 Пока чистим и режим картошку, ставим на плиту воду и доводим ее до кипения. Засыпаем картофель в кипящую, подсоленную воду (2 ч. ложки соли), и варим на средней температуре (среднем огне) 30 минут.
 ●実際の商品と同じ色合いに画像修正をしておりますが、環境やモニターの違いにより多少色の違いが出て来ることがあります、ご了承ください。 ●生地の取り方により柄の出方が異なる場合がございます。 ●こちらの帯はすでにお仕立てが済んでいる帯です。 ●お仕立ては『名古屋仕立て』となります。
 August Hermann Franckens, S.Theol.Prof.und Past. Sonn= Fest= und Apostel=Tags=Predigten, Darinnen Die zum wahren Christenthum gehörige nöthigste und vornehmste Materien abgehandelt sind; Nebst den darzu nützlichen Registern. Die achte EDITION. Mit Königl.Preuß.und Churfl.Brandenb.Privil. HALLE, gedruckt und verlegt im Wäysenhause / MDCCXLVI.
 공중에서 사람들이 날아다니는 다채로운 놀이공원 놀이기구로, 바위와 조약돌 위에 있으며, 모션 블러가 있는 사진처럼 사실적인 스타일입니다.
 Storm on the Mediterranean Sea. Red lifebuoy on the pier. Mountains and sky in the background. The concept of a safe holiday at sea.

-------------------------

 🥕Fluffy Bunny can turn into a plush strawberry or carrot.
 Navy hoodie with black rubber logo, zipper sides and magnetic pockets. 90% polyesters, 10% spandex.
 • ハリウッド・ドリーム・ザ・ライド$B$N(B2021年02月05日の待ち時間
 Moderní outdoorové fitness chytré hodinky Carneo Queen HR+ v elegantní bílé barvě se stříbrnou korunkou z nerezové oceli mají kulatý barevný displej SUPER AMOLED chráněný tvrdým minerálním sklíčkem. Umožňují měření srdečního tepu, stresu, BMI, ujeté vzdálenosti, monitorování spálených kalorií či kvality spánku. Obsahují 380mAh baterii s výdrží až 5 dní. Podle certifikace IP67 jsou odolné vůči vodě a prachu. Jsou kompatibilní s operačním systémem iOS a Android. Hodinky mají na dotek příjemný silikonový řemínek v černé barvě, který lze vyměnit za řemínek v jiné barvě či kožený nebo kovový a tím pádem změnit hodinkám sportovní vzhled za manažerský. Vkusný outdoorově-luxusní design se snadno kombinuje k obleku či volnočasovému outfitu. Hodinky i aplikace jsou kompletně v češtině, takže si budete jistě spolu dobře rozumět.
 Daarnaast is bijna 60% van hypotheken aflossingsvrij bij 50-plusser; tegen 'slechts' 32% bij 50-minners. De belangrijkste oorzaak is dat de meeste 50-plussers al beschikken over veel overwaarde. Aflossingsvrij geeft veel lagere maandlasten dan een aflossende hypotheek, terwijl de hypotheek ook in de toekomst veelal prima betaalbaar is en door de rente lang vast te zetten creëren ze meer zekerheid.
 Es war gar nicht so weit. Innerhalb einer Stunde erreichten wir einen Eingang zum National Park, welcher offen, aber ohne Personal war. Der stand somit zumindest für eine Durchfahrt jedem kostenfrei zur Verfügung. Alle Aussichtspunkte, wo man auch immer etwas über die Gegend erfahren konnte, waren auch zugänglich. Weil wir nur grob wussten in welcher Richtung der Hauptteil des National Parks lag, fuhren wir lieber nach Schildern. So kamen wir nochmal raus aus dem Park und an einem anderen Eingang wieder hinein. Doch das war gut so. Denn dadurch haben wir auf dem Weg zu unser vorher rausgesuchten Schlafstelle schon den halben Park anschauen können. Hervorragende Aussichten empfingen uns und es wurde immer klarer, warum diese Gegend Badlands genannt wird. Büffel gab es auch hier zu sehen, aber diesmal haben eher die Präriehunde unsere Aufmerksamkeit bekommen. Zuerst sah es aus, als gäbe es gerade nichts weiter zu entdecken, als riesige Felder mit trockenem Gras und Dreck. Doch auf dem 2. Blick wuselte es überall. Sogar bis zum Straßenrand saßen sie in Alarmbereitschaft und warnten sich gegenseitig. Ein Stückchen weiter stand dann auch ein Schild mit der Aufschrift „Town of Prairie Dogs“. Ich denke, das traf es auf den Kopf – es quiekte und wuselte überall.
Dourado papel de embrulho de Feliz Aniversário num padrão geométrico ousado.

-------------------------

*TASK GOAL*
Above are the records; repeat exactly the lines from the one holding "August Hermann Franckens, S.Theol.Prof.und" down to the one holding "Storm on the", end lines included.

*OUTPUT FOR THIS TASK*
 August Hermann Franckens, S.Theol.Prof.und Past. Sonn= Fest= und Apostel=Tags=Predigten, Darinnen Die zum wahren Christenthum gehörige nöthigste und vornehmste Materien abgehandelt sind; Nebst den darzu nützlichen Registern. Die achte EDITION. Mit Königl.Preuß.und Churfl.Brandenb.Privil. HALLE, gedruckt und verlegt im Wäysenhause / MDCCXLVI.
 공중에서 사람들이 날아다니는 다채로운 놀이공원 놀이기구로, 바위와 조약돌 위에 있으며, 모션 블러가 있는 사진처럼 사실적인 스타일입니다.
 Storm on the Mediterranean Sea. Red lifebuoy on the pier. Mountains and sky in the background. The concept of a safe holiday at sea.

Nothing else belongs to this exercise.